= Available data =
____

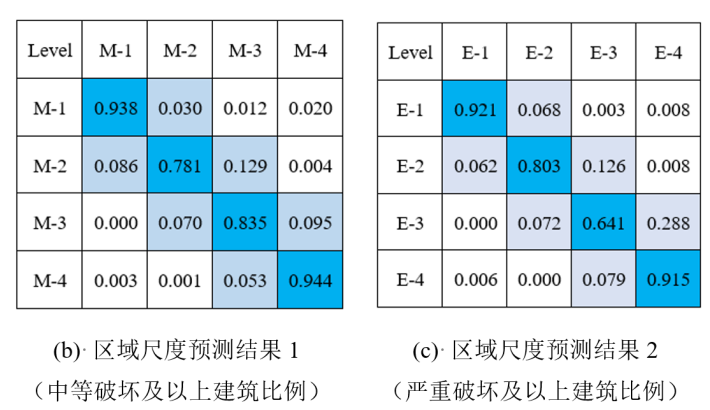 测试集上的预测结果(以混淆矩阵的形式表示)如图4所示。可以看出,无论是单体还是区域尺度,本文方法都具有较高的准确性(单体尺度上:平均准确率78.6%,误差±1等级以内的预测结果占比98.1%;区域尺度,大部分破坏力等级的预测准确率超过80%,误差±1等级以内的预测结果占比均超过96%)。
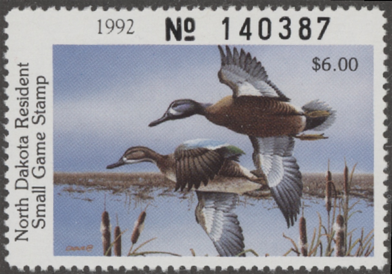 ND11 1992 State Duck Stamp. Mint Never Hinged. Very Fine. Blue-winged Teal by Phillip Crowe.
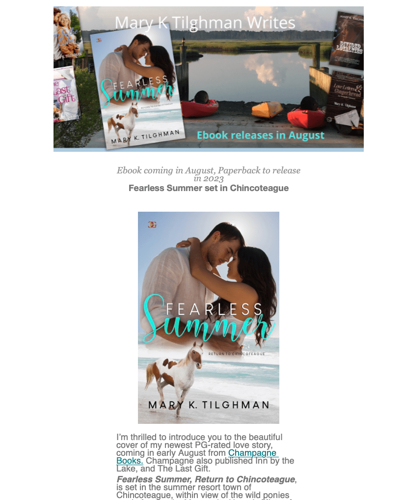 I send out my newsletter only occasionally and pack it with all the latest about my books, appearances and other book-related news. With a few projects in the works I’ll probably send out a fall newsletter, followed by a winter newsletter when I have dates for the launch of FEARLESS SUMMER, the paperback edition and for the release of STEP INTO THE SUNLIGHT, my sibling rivalry romance set in Ocean City, Md.
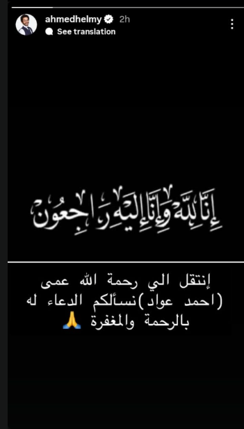 أعلن الفنان أحمد حلمي، منذ قليل عن وفاة عمه، بدون ذكر أي اسباب، داعيا الله ان يتغمده برحمته، وذلك عبر موقع الفيديوهات والصور القصيرة إنستجرام.
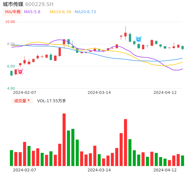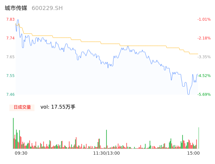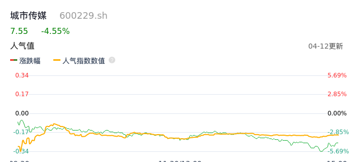 04月12日,城市传媒收报7.55,股价涨幅-4.55%,成交金额1.34亿元,换手率2.61%。
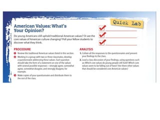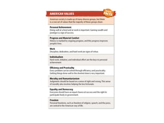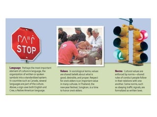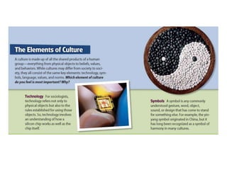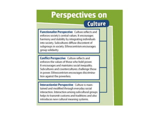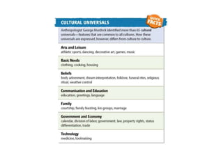 This chapter discusses cultural diversity and conformity. It includes a case study on body rituals among the Nacirema culture. The chapter covers the meaning of culture, cultural variation, and the American value system. It defines culture and its key components, including technology, symbols, language, values, and norms. The chapter also discusses cultural universals, subcultures, countercultures, and processes of cultural change like diffusion and leveling. It identifies core American values like work and individualism and how values have also changed over time with new emphases on environmentalism and self-fulfillment. The chapter concludes with a lab activity having students analyze material culture artifacts.
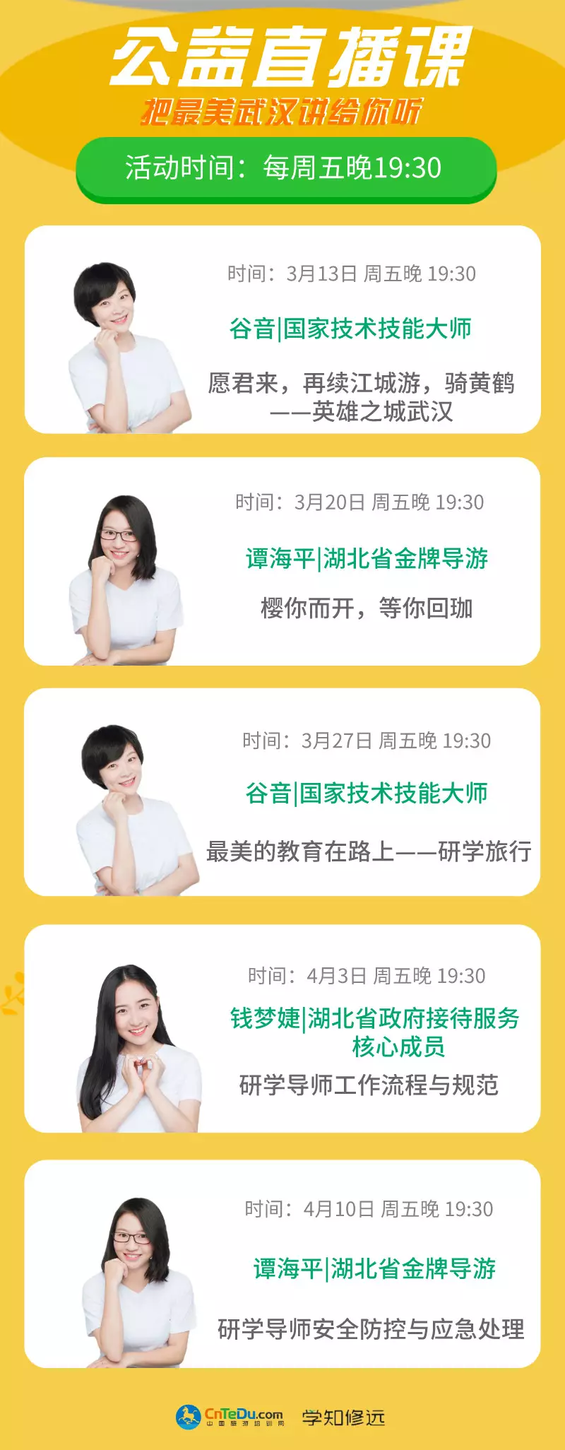 湖北省文化和旅遊廳協同中國旅遊培訓網,邀請一批國家級金牌導遊,為全省旅遊從業人員提供免費在線培訓,接下來1個多月的每周五晚上,還將安排四次高水平的公益培訓課分享。
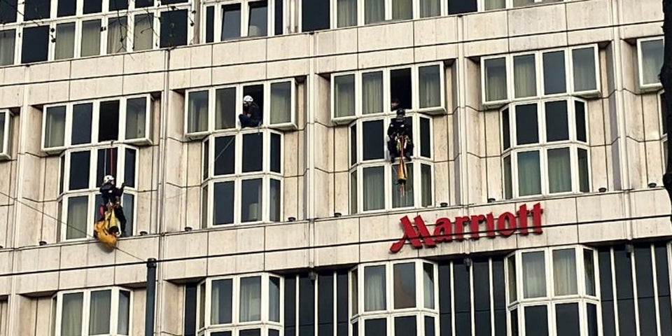 Vom Hotel aus haben Aktivisten begonnen, sich abzuseilen, um Transparente anzubringen. Dafür wurden im Voraus Zimmer im Hotel gebucht.
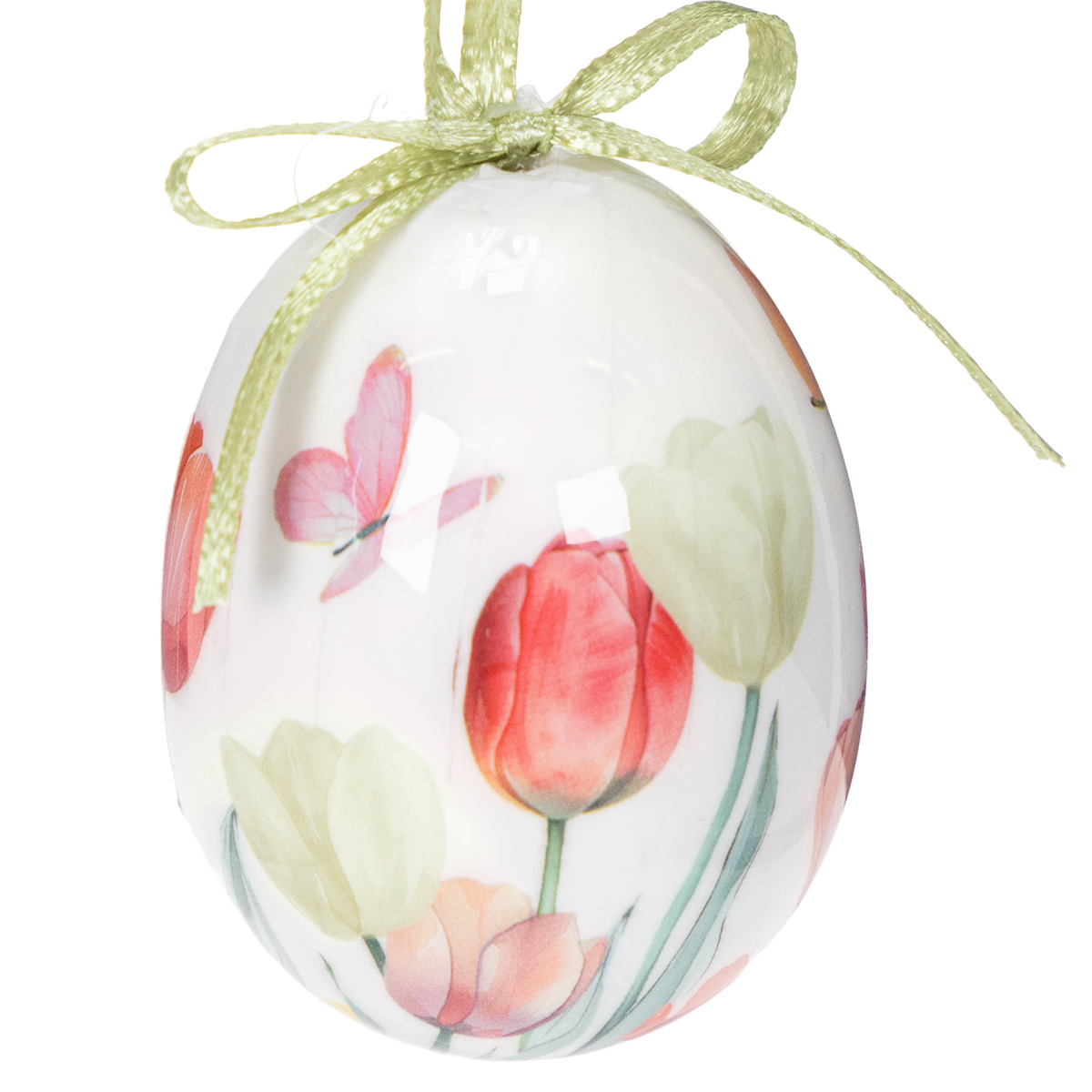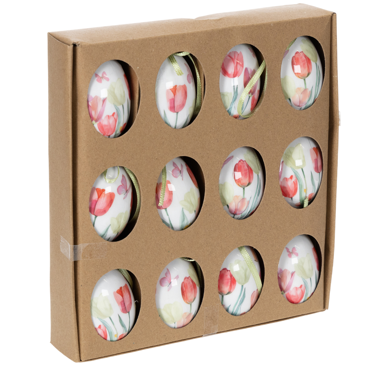 Påskeeggdekorasjon, tulipanmotiv med bånd til oppheng og vårdekorasjon, 6 cm, 12 stk.
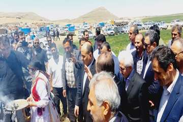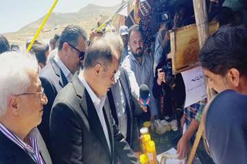 وزیر جهاد کشاورزی و همراهان در محل برگزاری گردهمایی از سیاه چادرهای برپا شده به منظور معرفی ظرفیت های تولیدی و اقتصادی و فرهنگی عشایر استان بازدید کردند.
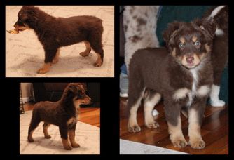 Our puppies include black, red merle, blue merle, and red. Colors will vary depending on the parent dogs.
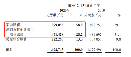 非业主增值服务收入比重的下降,主要源于其两大收入重头的减弱。财报显示,2020年作为主要收入来源的“案场服务”,收入虽增,但比重有所下滑,从59.1%下滑至58.5%;而第二大收入贡献力量的“咨询及其他非业主增值服务”,收入、比重双双下降,收入从4.90亿元下降至4.71亿元,近2000万的降额使得占比下滑了2.9%。

____

= The problem =
From the first line above down to the line with "ND11 1992 State", reproduce every line and no others, omitting pictures.

= Exercise output =
 测试集上的预测结果(以混淆矩阵的形式表示)如图4所示。可以看出,无论是单体还是区域尺度,本文方法都具有较高的准确性(单体尺度上:平均准确率78.6%,误差±1等级以内的预测结果占比98.1%;区域尺度,大部分破坏力等级的预测准确率超过80%,误差±1等级以内的预测结果占比均超过96%)。
 ND11 1992 State Duck Stamp. Mint Never Hinged. Very Fine. Blue-winged Teal by Phillip Crowe.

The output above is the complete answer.